Earlier this evening I participated in the annual Bates College housing lottery. The supposedly efficient process was—and, assuming they don't have some brilliant, massive overhaul planned, is—far from efficient. I would also argue the process is also incredibly inequitable. But that's a more subjective question.
Ideally the housing office would simply charge students higher prices to live in the dorms with higher demand and lower prices to live in the dorms with lower demand. I like the idea of some kind of auction. Of course, this would price some students out of certain buildings, creating the possibility of a chasm between students with more money and those with less money. It seems understandable, from the perspective of harmony and equality, that surpluses and shortages are not cleared out with an auction-style mechanism.
Still, the method the school has chosen to mitigate the potential haves-versus-have nots issue is far from satisfactory. Students who value certain rooms more than others can't express their preferences in a meaningful way.

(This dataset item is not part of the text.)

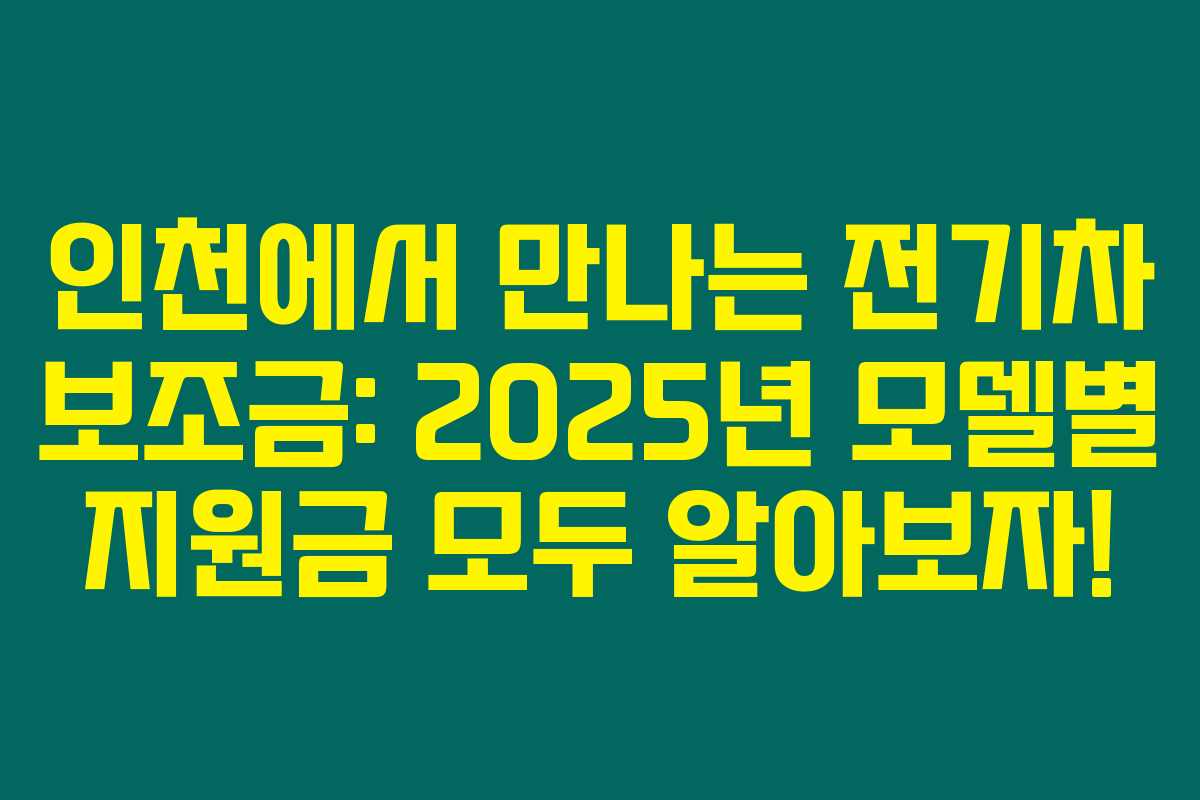 인천에서 만나는 전기차 보조금: 2025년 모델별 지원금 모두 알아보자!

It seems to me that the College should give every student some number of virtual "Bates Points," a sort of virtual currency. The College could easily restrict the exchange and resale of the Points, eliminating or at worst mitigating the possibility of wealthier students exploiting other students without the same financial resources. These points could be redeemable for a variety of scarce resources, housing included.
The College uses completely random lotteries to allocate a number of scarce goods. Students don't receive a parking space automatically: they put themselves into a parking lottery. Seats in popular classes don't go to students who value the seat the most: they're distributed at random to those who put themselves into the pool for the seats. (Granted, the class selection process isn't quite as unjust as some of the other lotteries: student can appeal the outcomes.)

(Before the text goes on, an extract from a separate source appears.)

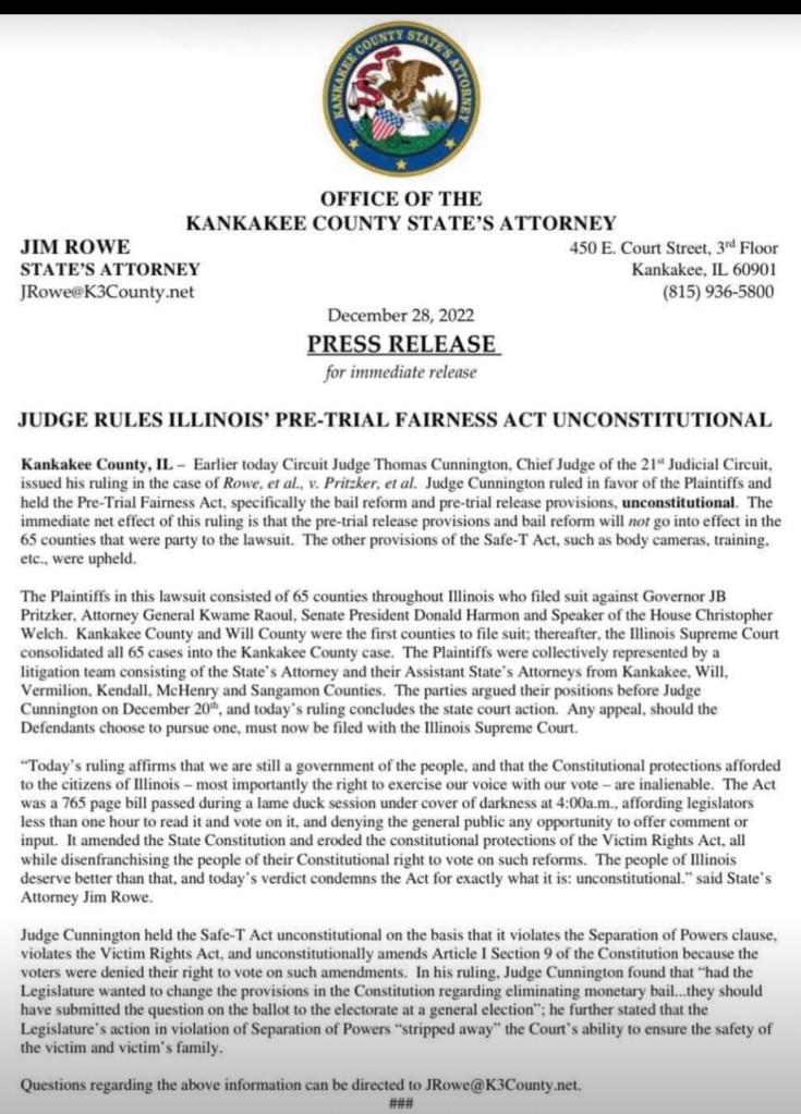 The bail portion of the SAFE T Act was found to be unconstitutional by Judge Cunnington. It’s reported by multiple news outlets that this only will effect counties that filed/joined the lawsuit. An appeal to challenge this ruling would have to be made to the Illinois State Supreme Court.

Presumably, some students value having an on-campus parking space more than having first pick in the housing selection process. And I suspect other students value priority in class choices more than having an on-campus parking spot.

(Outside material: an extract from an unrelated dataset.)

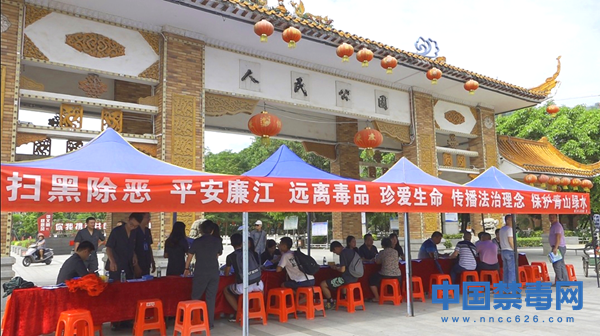 中国禁毒网讯 近日,广东湛江市廉江市人民法院联合廉江市环保局,在廉江市人民公园开展大型禁毒宣传活动。

We should simply give every student a fixed, equal number of Points at the beginning of each school year. I have my doubts about giving more senior students more perks purely on the basis of seniority—more senior employees in the "real world" generally make more than their more junior colleagues because they have more experience and are thus more valuable—but it wouldn't be too unreasonable to give more senior students more points.
Then, students could use their points in an auction to pick their rooms, parking spaces, classes and other scarce resources. This could all be done online, eliminating the need for an multi-day, multi-hour process that requires compensating an untold number of employees and volunteers. Students could simply log on to the Internet, put in bids on rooms they wanted and repeat. As soon as no one outbids a given student after some sort of waiting period, say 24 or 48 hours, the student receives the room and the number of points they bid is deduced from their accounts. No mad rush, no huge staff to coordinate and pay, and students have a more meaningful way of expressing their preferences. More students receive rooms they want, or rooms closer in quality to the rooms they want.
This system also helps mitigate the problem created by students who choose a room and don't return following semester, depriving others students from a room one of them might have wanted. In this system, if a student decides to take the semester off or goes abroad unexpectedly, the room would just go back on the market. Other students interested in the room could put in bids on the newly available room, and, presumably, it would go to the person who valued it the most.
My system would probably work best if students have a wide variety of ways to dispense their points. If there aren't enough places to spend them, it's easy to conceive of a situation where the market fails to clear because too many students decide to allocate the same number of points to a given room or parking spot. A simple proof of concept software implementation of the idea could be a very good spring break project.
Of course, at least on the housing side, this is really just a symptom of a deeper problem. As one College executive—who shall remain unnamed—put it, many of the residence halls on campus don't meet "modern standards." The brand new residence hall I'm living in this year boasts, among other amenities, network infrastructure that copes with modern Internet use patterns. The heated competition for certain rooms would not be quite as heated if there weren't such a huge chasm between some rooms and others.
Even if every room had casement windows and hand carved walnut furniture, though, this system would still reduce the stress students experience and the number of people required to assign students to one room or another. I hope someone with power reads this.